One way would be to calculate it: it is not difficult using a spreadsheet and recursion, and a short piece of R code is shown below.
$\epsilon$ seems to be zero for $n=1,2,3$, to be positive $\frac{1}{648}$ for $n=4$, negative $- \frac{1}{9270}$ for $n=5$, zero for $n=6$, and then to be positive and increasing up to a maximum of about $0.01223$ for $n=52$ after which it starts to decline.
Rather more seriously $\frac{1}{n}$ soon becomes a very poor approximation to whether the sum is divisible by $n$. For $n \gt 43$ it is more than twice the true value and then gets rapidly worse. There is a better alternative.
Added
A better approximation for large $n$ would be to assume the central limit theorem applies well enough and work out the probability of achieving $3$ times the number of rolls or $4$ times the number of rolls ($1$, $2$, $5$, and $6$ times the number of rolls are too unlikely to be worth worrying about).

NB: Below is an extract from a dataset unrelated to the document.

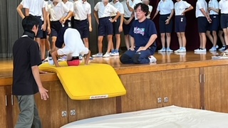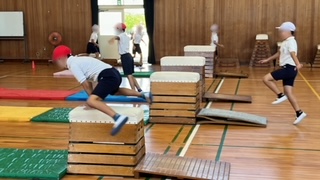 体育の学習です。跳び箱運動で、開脚跳びや台上前転などの練習をしていました。台上前転について、しっかりとまわる感覚を身につけられるよう工夫していました。

These are half the number of rolls away from the mean, and the variance is $\frac{35}{12}$ times the number of rolls. So a possible approximation for the required probability is
$\sqrt{ \frac{24}{35 \pi n} } \exp\left( - \frac{3 n}{70} \right).$
It is a good approximation for a wide range of values as shown in the chart drawn by the following R code which calculates the actual values. It is a better approximation than $\frac{1}{n}$ for $n \ge 14$.
maxrolls <- 1000 probmultofrolls <- rep(0,maxrolls) rolls <- 1:maxrolls probs <- 1 # after 0 rolls score is zero with probability 1 for (r in rolls) { probs <- (c(0,probs) + c(0,0,probs) + c(0,0,0,probs) + c(0,0,0,0,probs) + c(0,0,0,0,0,probs) + c(0,0,0,0,0,0,probs) ) / 6 probmultofrolls[r] <- sum( probs[r * (1:6) + 1] ) # +1 because started at 0 } plot( probmultofrolls ~ rolls, log="xy" ) lines( 1/rolls ~ rolls, col="blue" ) lines( exp( -3*rolls/70) * sqrt(24 / (35 * pi * rolls) ) ~ rolls, col="red" )
which produces the following chart with logarithmic scales and $1 \le n \le 1000$: black circles are the actual values; the blue line is $\frac{1}{n}$; and the red line is the approximation based on the central limit theorem.

Even this may not hold for even larger $n$, since the central limit theorem is often not a good approximation in the extreme tails of a distribution. It is within 5% of the true figure when $9 \le n \le 191$.